Let's create 2D scatter plots showing cluster assignments with different colors and visualize cluster centers.

In [None]:
# Visualize clustering results for k=3
fig, axes = plt.subplots(2, 3, figsize=(18, 12))
axes = axes.ravel()

# Color maps for clusters
cluster_colors = ['red', 'blue', 'green', 'purple', 'orange']
feature_pairs = [(0, 1), (0, 2), (0, 3), (1, 2), (1, 3), (2, 3)]
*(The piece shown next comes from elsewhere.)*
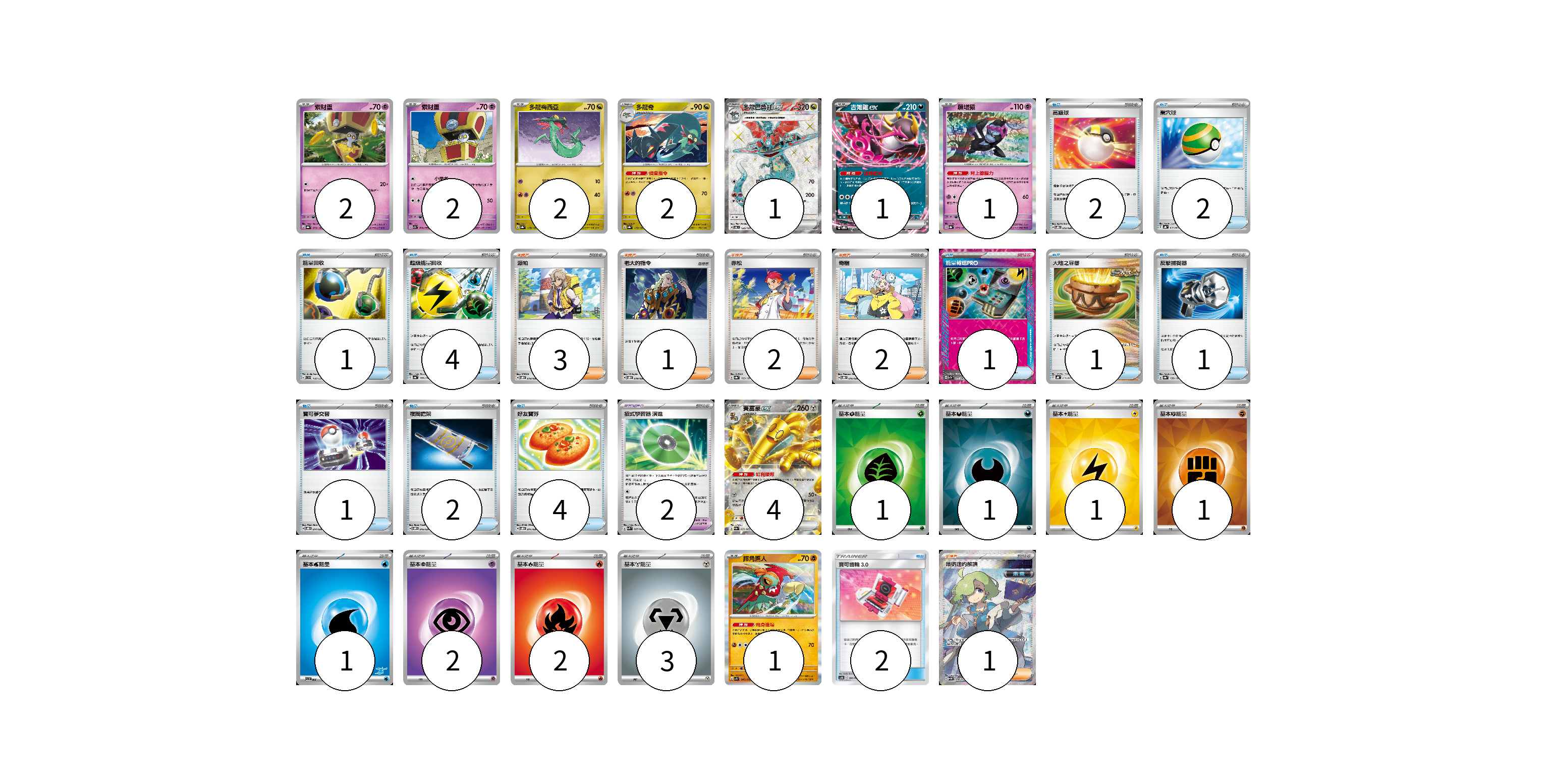 牌組構築方案 以此牌組為基礎新構築牌組 顯示卡面 顯示列表 寶可夢卡(16) 2 2 2 2 1 1 1 4 1 寶可夢道具(2) 2 物品卡(21) 2 2 1 4 1 1 1 1 2 4 2 支援者卡(9) 3 1 2 2 1 能量卡(12) 1 1 1 1 1 2 2 3 寶可夢卡(16) 卡牌名稱 張數 卡牌名稱 張數 索財靈 SV8a 073/187 02 索財靈 SV7a 024/064 02 多龍梅西亞 SV8a 118/187 02 多龍奇 SV8a 119/187 02 多龍巴魯托ex SV6 120/101 01 吉雉雞ex SVOD 004/020 01 願增猿 SV8a 075/187 01 賽富豪ex SV3a 050/062 04 摔角鷹人 SV1S 045/078 01 寶可夢道具(2) 卡牌名稱 張數 卡牌名稱 張數 招式學習器 演進 SVK 025/042 02 物品卡(21) 卡牌名稱 張數 卡牌名稱 張數 高級球 SVOD 012/020 02 巢穴球 SVHK 012/022 02 能量回收 SVD 110/139 01 超級能量回收 SV4a 157/190 04 能量輸送PRO SV7a 052/064 01 大地之容器 SVHK 011/022 01 反擊捕捉器 SV8a 139/187 01 寶可夢交替 SVOD 014/020 01 夜間擔架 SVOM 016/021 02 好友寶芬 SVOD 011/020 04 寶可齒輪3.0 AS6b 190/194 02 支援者卡(9) 卡牌名稱 張數 卡牌名稱 張數 派帕 SVOD 018/020 03 老大的指令 SVOD 019/020 01 赤松 SV8a 163/187 02 奇樹 SVOD 016/020 02 暗碼迷的解讀 SV5M 090/071 01 能量卡(12) 卡牌名稱 張數 卡牌名稱 張數 基本【草】能量 SVK GRA 01 基本【惡】能量 SVK DAR 01 基本【雷】能量 SVK LIG 01 基本【鬥】能量 SVK FIG 01 基本【水】能量 SVI WAT 01 基本【超】能量 SVTS PSY 02 基本【火】能量 SVHK FIR 02 基本【鋼】能量 SVTH MET 03 以此牌組為基礎新構築牌組 牌組編碼 PBhRTP-hLMEOK-KRtYZF copy 列印牌組單 牌組編碼已複製 分享至SNS

for idx, (feat1, feat2) in enumerate(feature_pairs):
    ax = axes[idx]
    
    # Plot data points colored by cluster
    for cluster in range(3):
        mask = cluster_labels_3 == cluster
        ax.scatter(X[mask, feat1], X[mask, feat2], 
                  c=cluster_colors[cluster], label=f'Cluster {cluster}', 
                  alpha=0.7, s=60, edgecolors='black', linewidths=0.5)
    
    # Plot cluster centers (transformed back to original scale)
    centers_orig = scaler.inverse_transform(cluster_centers_3)
    ax.scatter(centers_orig[:, feat1], centers_orig[:, feat2], 
              c='yellow', s=300, marker='*', edgecolors='black', 
              linewidths=2, label='Centroids')
    
    ax.set_xlabel(feature_names[feat1])
    ax.set_ylabel(feature_names[feat2])
    ax.set_title(f'Clusters: {feature_names[feat1]} vs {feature_names[feat2]}')
    ax.legend()
    ax.grid(True, alpha=0.3)

plt.tight_layout()
plt.show()

# Create a comparison plot: Original species vs Clusters
fig, axes = plt.subplots(2, 2, figsize=(8, 6))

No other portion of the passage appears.